Deutsche Börse and its transatlantic rival NYSE Euronext have agreed to come together to form what will be the world's largest exchange operator, though a number of regulatory hurdles loom on the horizon and may yet derail the deal.
The German group's shareholders will end up with 60 per cent of the new company. Deutsche Börse management will also end up with 10 of the 17 seats on the new group's board, meaning that, while it is framed as a merger, the deal is in effect a takeover of the NYSE.
The combined entity, which will boast annual trading volumes of more than $20 trillion and operations spread across Germany, France, the UK, Amsterdam, Portugal, Belgium and the US, will be headquartered in both Frankfurt and New York. The business will be incorporated in the Netherlands.
The name is yet to be fixed, although New York senator Chuck Schumer has already fired a warning shot across Deutsche Börse's bows by reiterating his desire to have the new name start with "NYSE".

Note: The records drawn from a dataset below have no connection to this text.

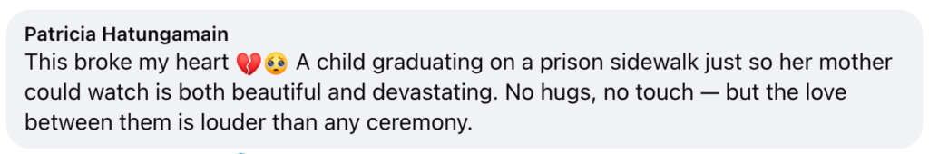 The footage shows a mother trying to reach through steel bars, and a child doing her best to stand tall in her graduation attire. It was brief. It was quiet. But it carried weight.
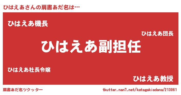 | ヘコむあだ名 | 『ひはえあ(震え声)』『ひはぷりん』 |
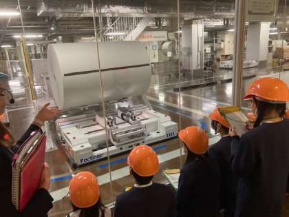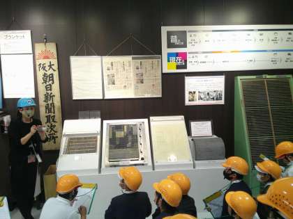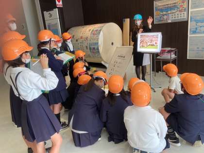 工場の中はとても広く、大きな機械やロボットがたくさんあって、子どもたちはとても驚いていました。新聞ができていく過程を間近で見ることができ、とても有意義な学習となりました。
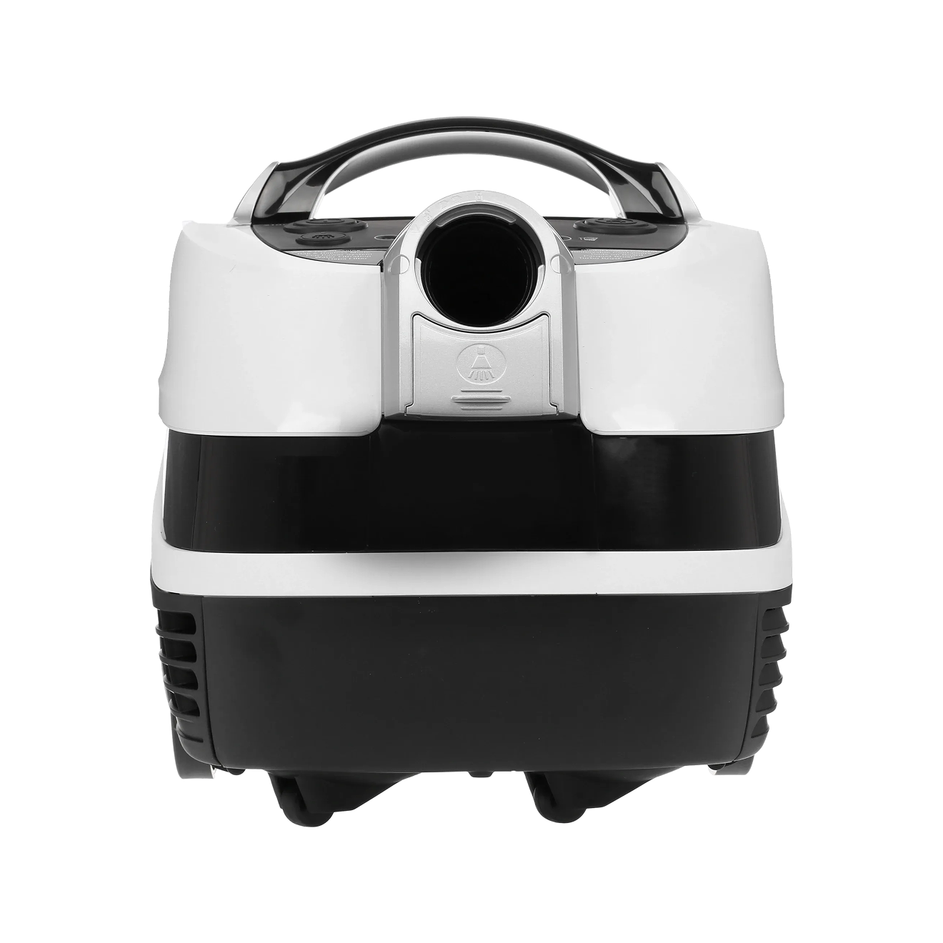 Пылесос подходит для комплексной уборки: сухой, влажной и сбора пролитой жидкости. Аквафильтр задерживает мелкие частицы пыли, в нем легче, чем в обычном пылесборнике, найти мелкие предметы. Есть турбощетка для очистки ковров и мебели, а если нужна быстрая сухая уборка, можно использовать мешок вместо аквафильтра. Производитель не указывает силу всасывания, но покупатели считают ее высокой.
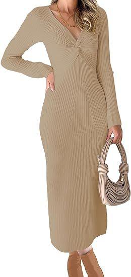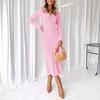 2024 Otoño Amazon Vestidos Europeos y Americanos Otoño Nuevo Vestidos de Manga Larga Torcidos Plisados Falda Larga Mujer
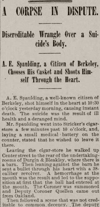 Not long before his suicide, Spaulding had made arrangements for a burial casket, but contrary to his own preference, Spauldings body was carried down to West Berkeley and back before being taken to an Oakland funeral parlor.
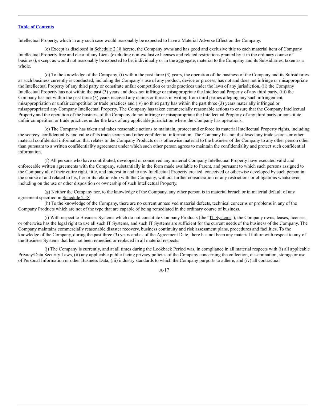 Table of Contents Intellectual Property, which in any such case would reasonably be expected to have a Material Adverse Effect on the Company. (c) Except as disclosed in Schedule 2.18 hereto, the Company owns and has good and exclusive title to each material item of Company Intellectual Property free and clear of any Liens (excluding non-exclusive licenses and related restrictions granted by it in the ordinary course of business), except as would not reasonably be expected to be, individually or in the aggregate, material to the Company and its Subsidiaries, taken as a whole. (d) To the knowledge of the Company, (i) within the past three (3) years, the operation of the business of the Company and its Subsidiaries as such business currently is conducted, including the Company’s use of any product, device or process, has not and does not infringe or misappropriate the Intellectual Property of any third party or constitute unfair competition or trade practices under the laws of any jurisdiction, (ii) the Company Intellectual Property has not within the past (3) years and does not infringe or misappropriate the Intellectual Property of any third party, (iii) the Company has not within the past three (3) years received any claims or threats in writing from third parties alleging any such infringement, misappropriation or unfair competition or trade practices and (iv) no third party has within the past three (3) years materially infringed or misappropriated any Company Intellectual Property. The Company has taken commercially reasonable actions to ensure that the Company Intellectual Property and the operation of the business of the Company do not infringe or misappropriate the Intellectual Property of any third party or constitute unfair competition or trade practices under the laws of any applicable jurisdiction where the Company has operations. (e) The Company has taken and takes reasonable actions to maintain, protect and enforce its material Intellectual Property rights, including the secrecy, confidentiality and value of its trade secrets and other confidential information. The Company has not disclosed any trade secrets or other material confidential information that relates to the Company Products or is otherwise material to the business of the Company to any other person other than pursuant to a written confidentiality agreement under which such other person agrees to maintain the confidentiality and protect such confidential information. (f) All persons who have contributed, developed or conceived any material Company Intellectual Property have executed valid and enforceable written agreements with the Company, substantially in the form made available to Parent, and pursuant to which such persons assigned to the Company all of their entire right, title, and interest in and to any Intellectual Property created, conceived or otherwise developed by such person in the course of and related to his, her or its relationship with the Company, without further consideration or any restrictions or obligations whatsoever, including on the use or other disposition or ownership of such Intellectual Property. (g) Neither the Company nor, to the knowledge of the Company, any other person is in material breach or in material default of any agreement specified in Schedule 2.18. (h) To the knowledge of the Company, there are no current unresolved material defects, technical concerns or problems in any of the Company Products which are not of the type that are capable of being remediated in the ordinary course of business. (i) With respect to Business Systems which do not constitute Company Products (the “IT Systems”), the Company owns, leases, licenses, or otherwise has the legal right to use all such IT Systems, and such IT Systems are sufficient for the current needs of the business of the Company. The Company maintains commercially reasonable disaster recovery, business continuity and risk assessment plans, procedures and facilities. To the knowledge of the Company, during the past three (3) years and as of the Agreement Date, there has not been any material failure with respect to any of the Business Systems that has not been remedied or replaced in all material respects. (j) The Company is currently, and at all times during the Lookback Period was, in compliance in all material respects with (i) all applicable Privacy/Data Security Laws, (ii) any applicable public facing privacy policies of the Company concerning the collection, dissemination, storage or use of Personal Information or other Business Data, (iii) industry standards to which the Company purports to adhere, and (iv) all contractual   A-17
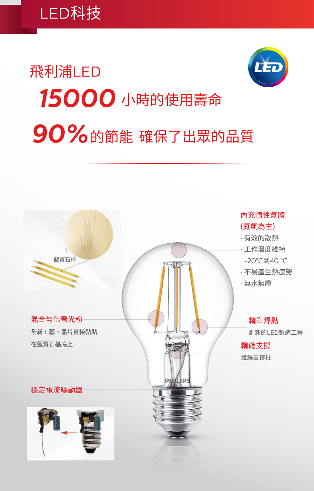 - 平均壽命長達15,000小時
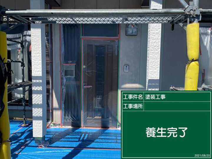 玄関まわりと同じようにマスカーやシートで養生をおこないます。
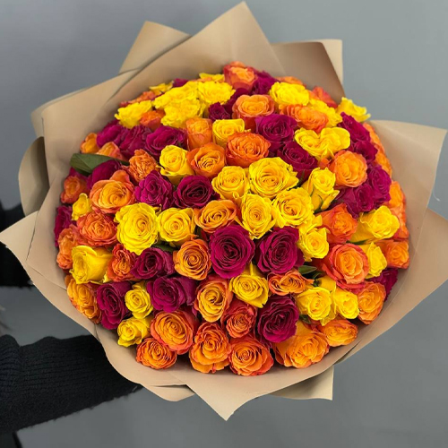 Букет "Яркое впечатление" из 101 розы микс (40 см)
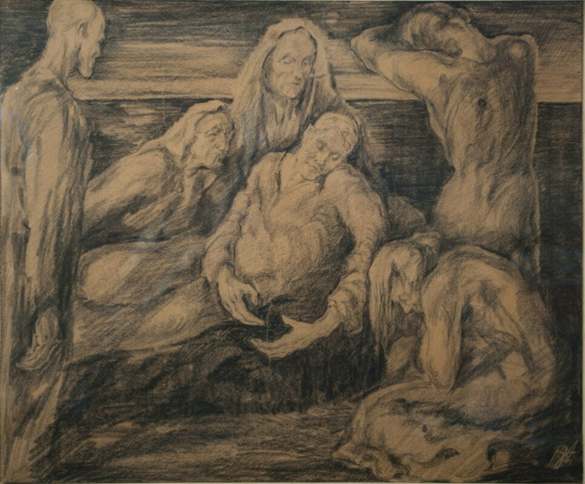Sie weiß: Um malen zu können, habe er seinerzeit erfinderisch sein müssen. Denn Eigentum und Sonderrechte habe es nicht gegeben für die Lagerinsassen. Walter Bernstein war somit gezwungen, heimlich Packpapier abzuzwacken und Kohlestückchen aus den Lagerfeuern einzustecken und anzuspitzen. Die minimale Grundausrüstung zum Zeichnen. Schwarz und Grau auf, mehr oder weniger, Weiß. Für Details und Konturen nahm er seinen Daumennagel, den er übers Papier gleiten und Kohle abschaben ließ. „Er hat mir oft erzählt, dass die Daumenkuppe am Ende eines jeden Tages rabenschwarz war“, sagt Christel Zaun.
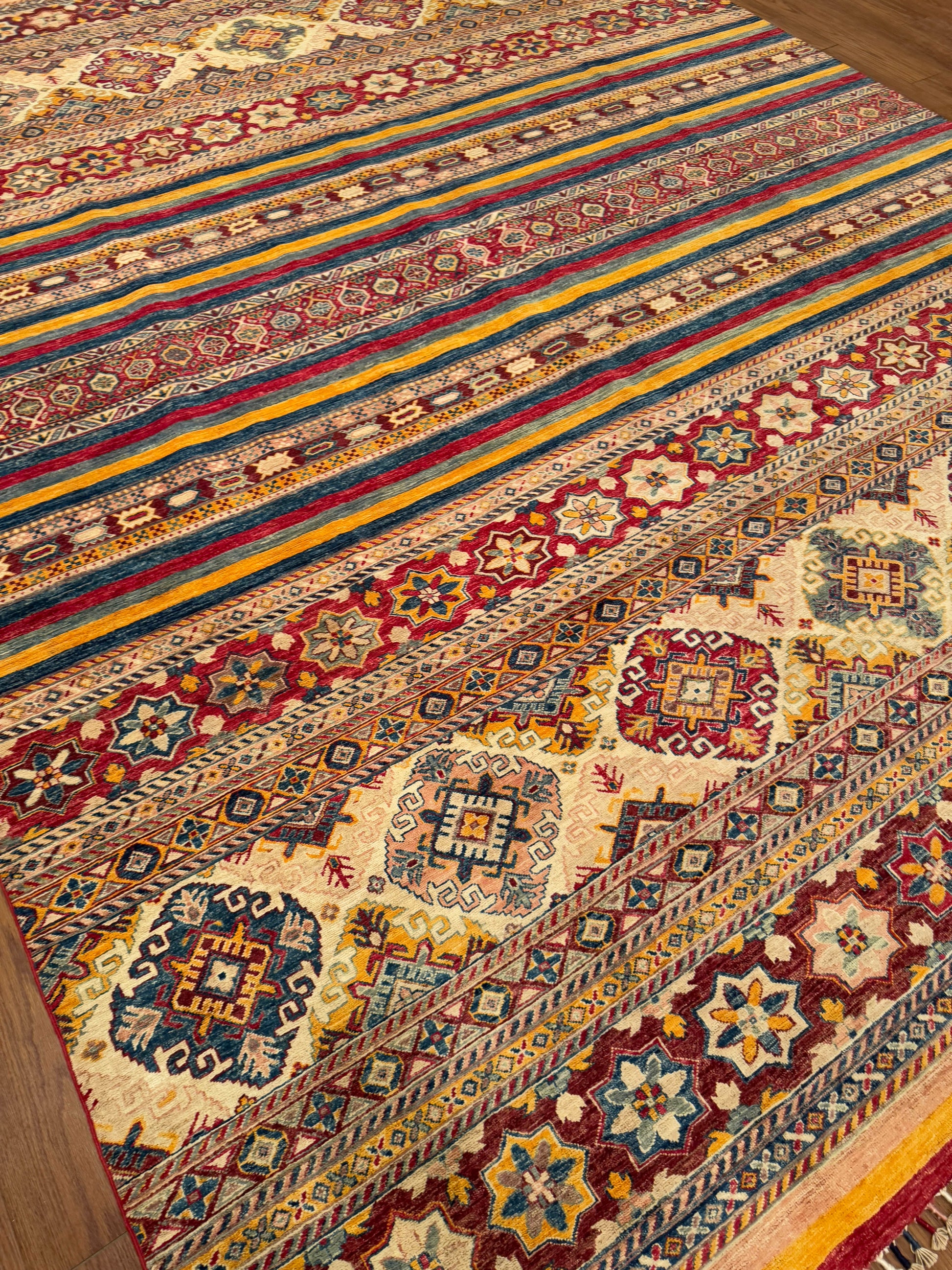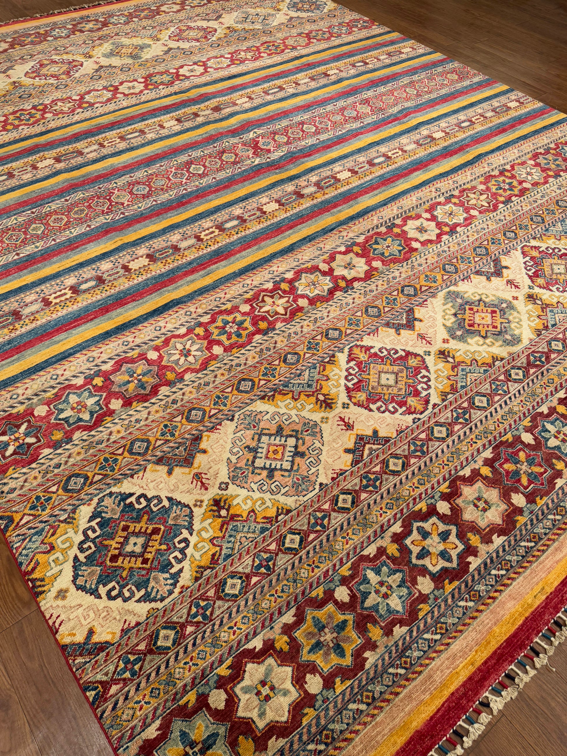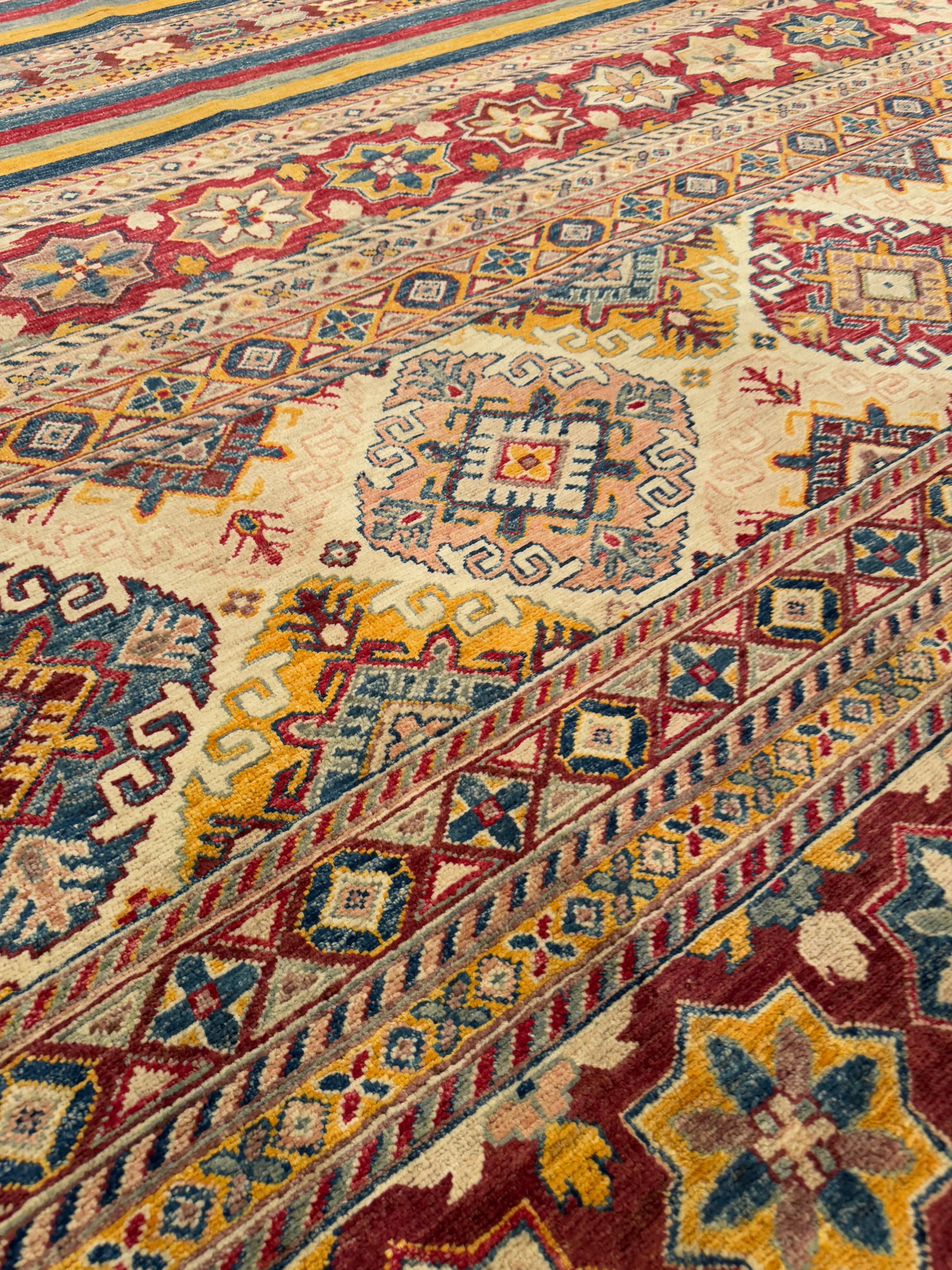 Vibrant and full of cultural charm, this handwoven rug features an exquisite combination of tribal stripes and geometric motifs inspired by traditional Caucasian designs. The rug’s colorful palette rich reds, blues, yellows, and ivory tones—creates a joyful and eclectic visual rhythm. Perfect for adding warmth and personality to any room, it blends artisanal craftsmanship with timeless folk artistry.
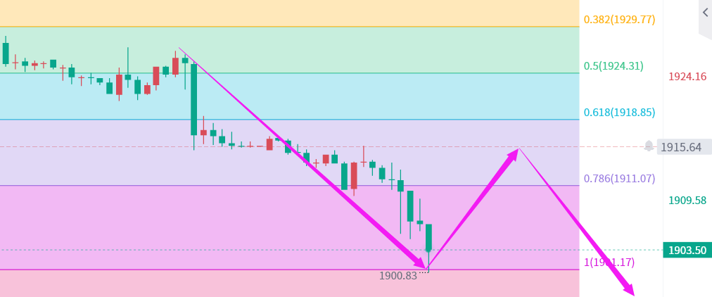 黄金操作建议:建议黄金上涨触及1912-1915直接空,止损1918,目标1900;回踩1895做多,止损1890,目标1910-1915;
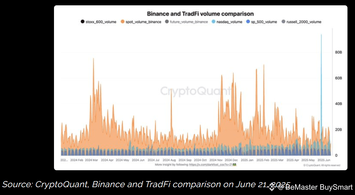 Binance livestreamed new trading data on June 21, 2025, exposing prominent differences between the cryptocurrency and conventional financial markets. Binance analyst Darkfost compared daily spot and futures volumes from Binance with traditional equity markets like the Nasdaq. The analysis highlighted clear volume divergence. It showed that even during macro uncertainty, Binance remains a global liquidity hub. This matters because it reflects evolving crypto investor behavior and capital flows amid changing interest rate expectations and regulatory tensions.
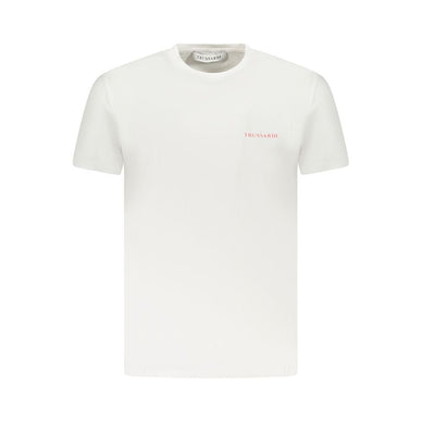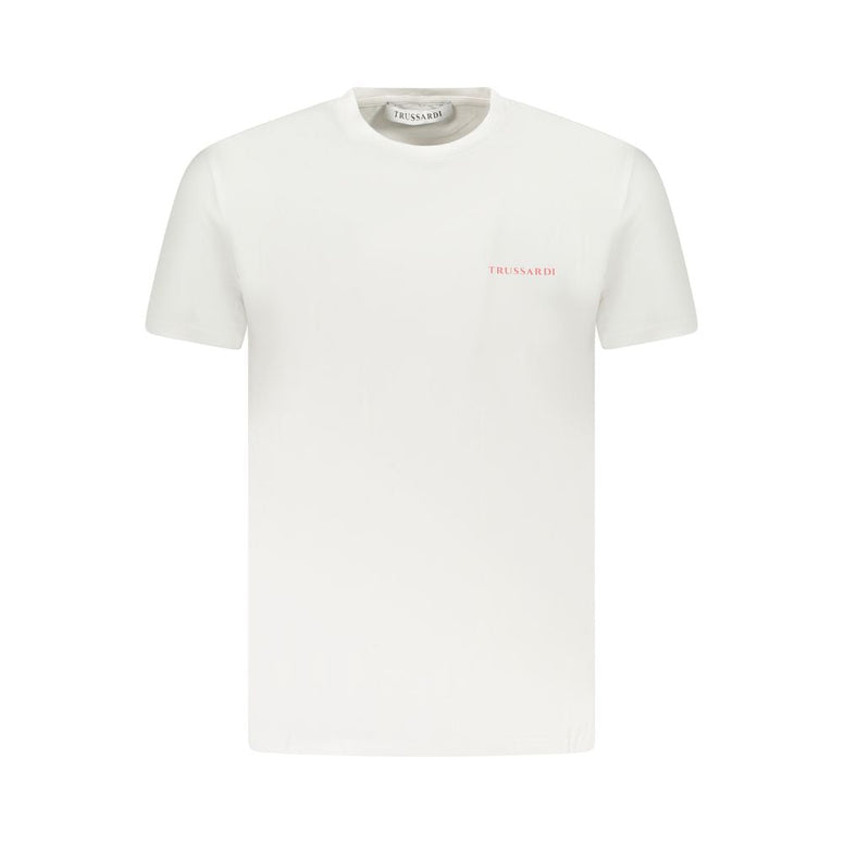 Unleash your inner fashion mogul with this striking Trussardi tee, where casual meets iconic luxury. The crisp white backdrop lays the foundation for a head-turning brush print, emblazoned with the Trussardi logo for an unmistakable statement. Crafted from a blend of premium cotton and a hint of elastane, this short-sleeve, crew neck T-shirt promises both style and comfort. Perfect for elevating your off-duty wardrobe with a touch of Italian sophistication.
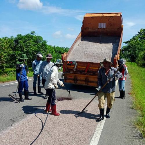 สำนักช่าง อบจ.สงขลา นำเครื่องจักรและวัสดุลงพื้นที่งานซ่อมลาดยาง ถนนสายหลัก บ้านหนำคอก ตำบลท่าโพธิ์ อำเภอสะเดา จังหวัดสงขลา

"The name is an important issue to me," he said, adding that "the NYSE believes their name should go first". The American real estate investor Donald Trump also weighed in, saying it was "ridiculous" to allow the NYSE to be taken over by the German group.
Bidding to keep US opinion on side, NYSE and Deutsche Börse said the American group's head, Duncan Niederauer, will be the new company's chief executive officer.
The German group's Reto Francioni will be the chairman of the combined business.
By joining forces, the two groups expect to generate annual cost savings of $400m. In terms of timing, the transaction is expected to close by the end of this year.